North American River Otters

The Robins Nature Center at Maymont

Fun Facts

  • Worldwide, there are 13 species of otters that can be found on every continent except Australia and Antarctica.
  • River otters can hold their breath underwater for up to 5 minutes.
  • Baby otters are called cubs, pups or kits. They are born in the spring and can live up to 15 years in the wild and 25 years in human care.
  • Otters love tobogganing in the snow or mud. They slide down on their bellies into the water, jump out, run to the top of the slide, and go again.

Lontra canadensis



Lakes and ponds, rivers and streams, coastal areas, marshes and swamps, estuaries

Fish, frogs, rodents, insects, crayfish, eggs

15-25-lbs / 3 to 3.5 ft

Continental United States

Badgers, skunks, minks, wolverines, otters, weasels

Natural History

The North American river otter (Lutra canadensis) is found in almost every state, including Virginia.
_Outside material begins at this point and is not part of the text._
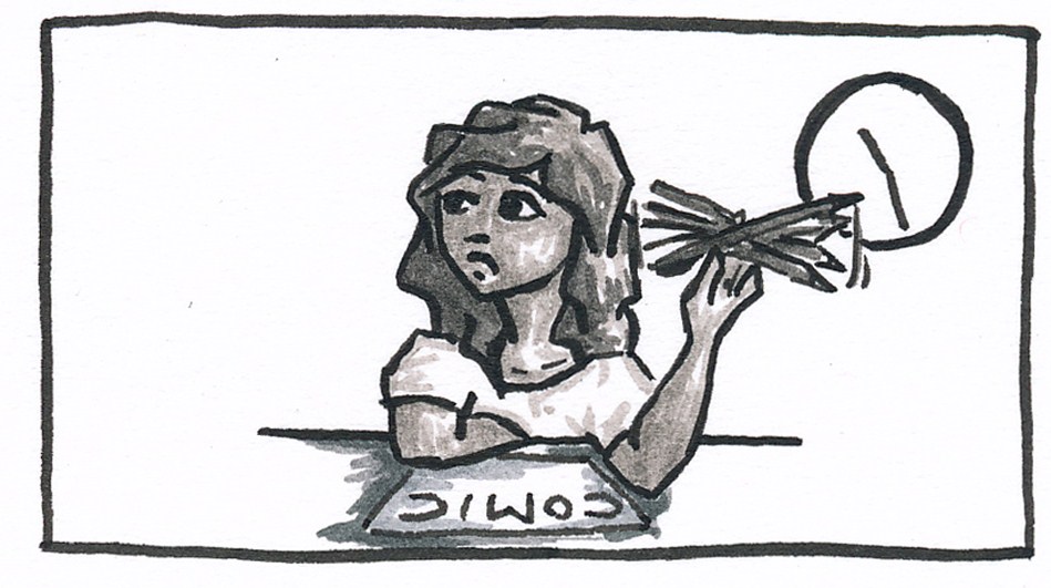 Tipp: Die LeserInnen folgen dem Blick einer Figur, indem die Strichstärke variiert wird und Linien zusammenlaufen.

River otters are extremely social and often frolic in the water with their mates or cubs, slide down hills on their bellies or wrestle with other otters on land. While this behavior is often just play, especially while under human care, it can also serve a purpose. Wrestling can establish dominance between two otters, and muzzle touching shows reassurance or friendly attention. Social grooming is another way to strengthen social bonds between otters.

River otters have many attributes that help them adapt to life in the water. These include a heavy coat of fur, a streamlined body for swimming and special teeth for their carnivorous diet. An otter’s fur is extremely functional for life in the water. It’s incredibly dense with two distinct coats – a long, coarse outer coat (guard hairs) and a short and wooly undercoat that traps air and insulates. This double layer, along with their oil-producing glands, keeps an otter warm, especially in the cold winter months. Otters must clean their fur often to retain its water-repellent qualities. They do this by rolling or rubbing on sand, grass or snow. An otter’s skull is broad and flat with a nose up high for underwater breathing. Their nostrils can close off and their ears can shut with flaps to prevent water from entering their nose and ears. The structure of their eyeball allows them to see clearly underwater by focusing more on objects.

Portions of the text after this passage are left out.